Beyefendilik, hata yapmamak değildir. Hata yaptığında, yanlış olduğunu fark ederek, onu tamir edebilmektir. Etrafınıza dikkat ederek yaşayacaksınız. Paranoyaklık boyutunda değil. Hayatımın her tarafına da sirayet etmiştir.

Bu yarışmaya dahil olmanızın ardından sizi rahatsız edebilecek magazinsel tavırlar oldu mu?

Meyilim olsa, evet olabilirdi. Hatta bir kez bir ana haber bültenine katıldık. Kuliste yapılan çekimler sırasında partnerim Yeliz'in kıyafetindeki dekolteyi sordular. Ben de şakayla karışık, "Tasvip etmiyoruz" dedim. O çıktı bir tek. İlla böyle mi yapmak lazım? Bir yarışma var ve orada iyi performans gösteriyorsam bu değil midir asıl olan?.. Ben de bunu anlayamıyorum... Yok eğer diğer türlü yapacak olsaydım, ben bunu 15 sene önce de yapardım.

Yeliz Hanım ile çalışmak sizin tercihiniz miydi?

Hayır. Organizasyonun kararı.

Memnun muydunuz?

İlk dönemlerde biraz zorluk yaşadık. Birbirini tanımayan iki ayrı insan, bir takım oluşturuyor. Bu süreci bir yarışma esnasında yaşadık. O süreçte istenmeyen şeyler oldu, fakat onları da çözdük. Çözdüğümüz içindir ki, 5 hafta üst üste birinci olduk. Toplam 7 hafta birinciliğimiz var. İkincilik gibi çok değerli bir derece kazandık, sağ olsunlar. Halk öyle seçmiş, SMS'ler belirlemiş!.. Öyle uygun görmüşler…

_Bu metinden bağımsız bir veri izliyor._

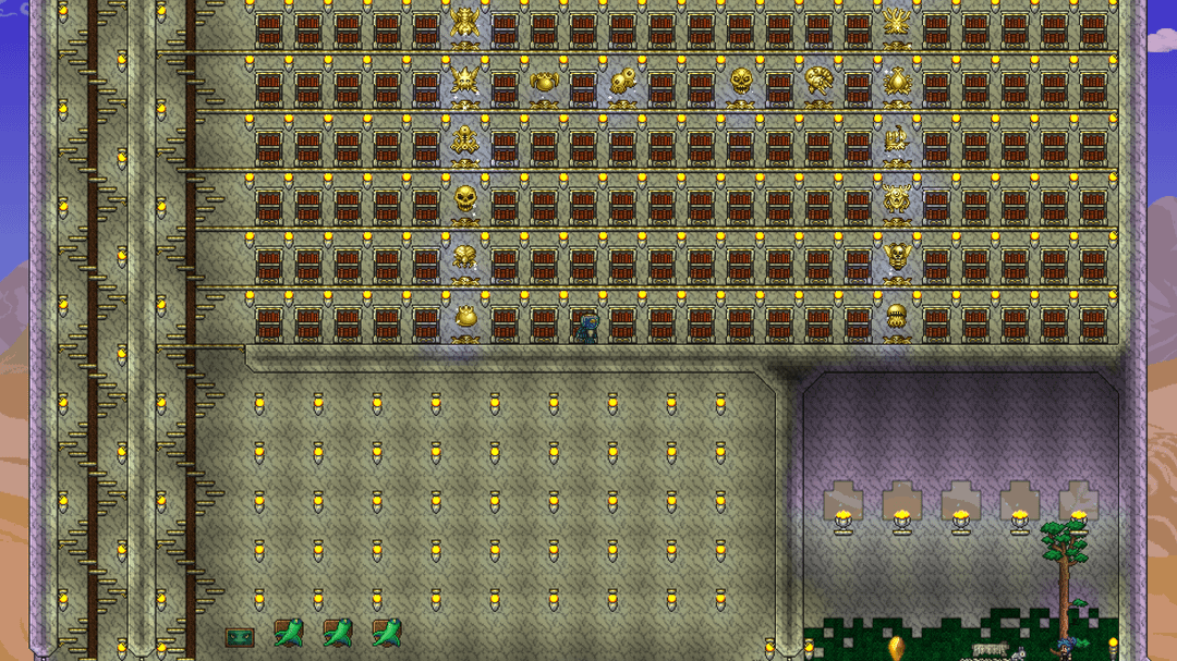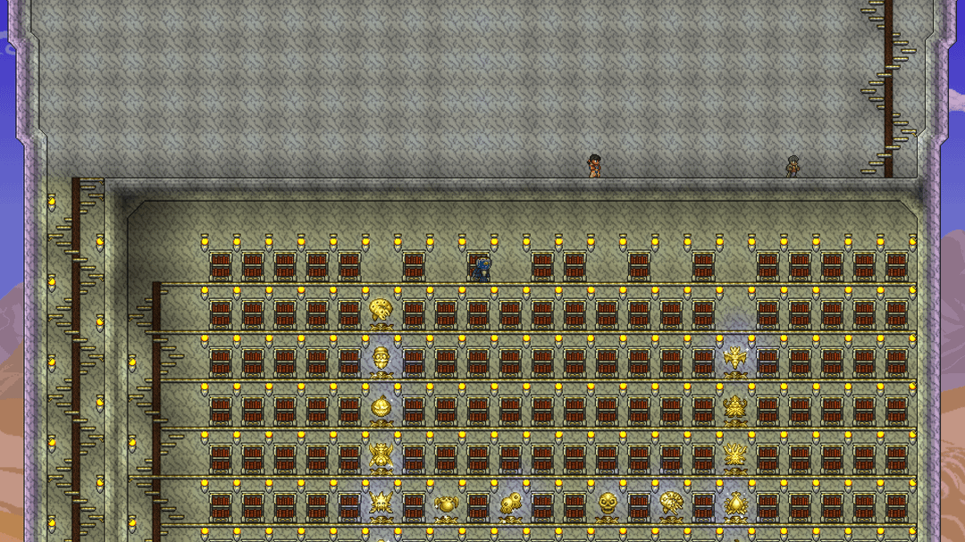 This entire project totalled to about 50 hours of work, and I am super happy with it. I used about 80k marble blocks and used the maximum possible space in Terraria for the build. (Re; Zero spoilers from here on out if you care) The Princess NPC can be named Emilia and I got lucky with her spawning in like that first try, and the remaining NPCs are supposed to be Rem (Stylist), Eridna (Bunny), Reid (Arms Dealer cuz they're both womanizers), and Roy/Lye (Dye Trader). I used Duke Fishron statues as Mabeast trophies, which took 24 kills to get all of them. I also used the relics you get from killing the bosses as books of the dead.

"YARIŞMANIN BİRİNCİSİ BENİM!"

Yarışma 1-2 hafta uzamış olsa sonuç farklı olabilir miydi?

Ben zaten bu yarışmanın birincisi olduğumu düşünüyorum. Türkiye'de herkes bunu konuştu. "Bravo Zuhal'e süperdi, birinci oldu" demiyor. Ben elimden geleni sonuna kadar yapabilecek bir insanım, yaptığımı düşünüyorum. Kontrol mekanizması bende olmayan şeyler konusunda yetkili insan değilim. Buna halk karar verdiyse, saygı duymak lazım. Başka bir şeyler de karar verdiyse ona da saygı duymak gerek... 100 insanın 85'i aynı şeyi söylüyorsa bunda da bir doğruluk payı vardır. Birinci benim, ben sadece 50 bin YTL almadım payıma düşen!.. 5 milyon insan kazandım... 50 YTL hemen biter, 5 milyon insan bitmez…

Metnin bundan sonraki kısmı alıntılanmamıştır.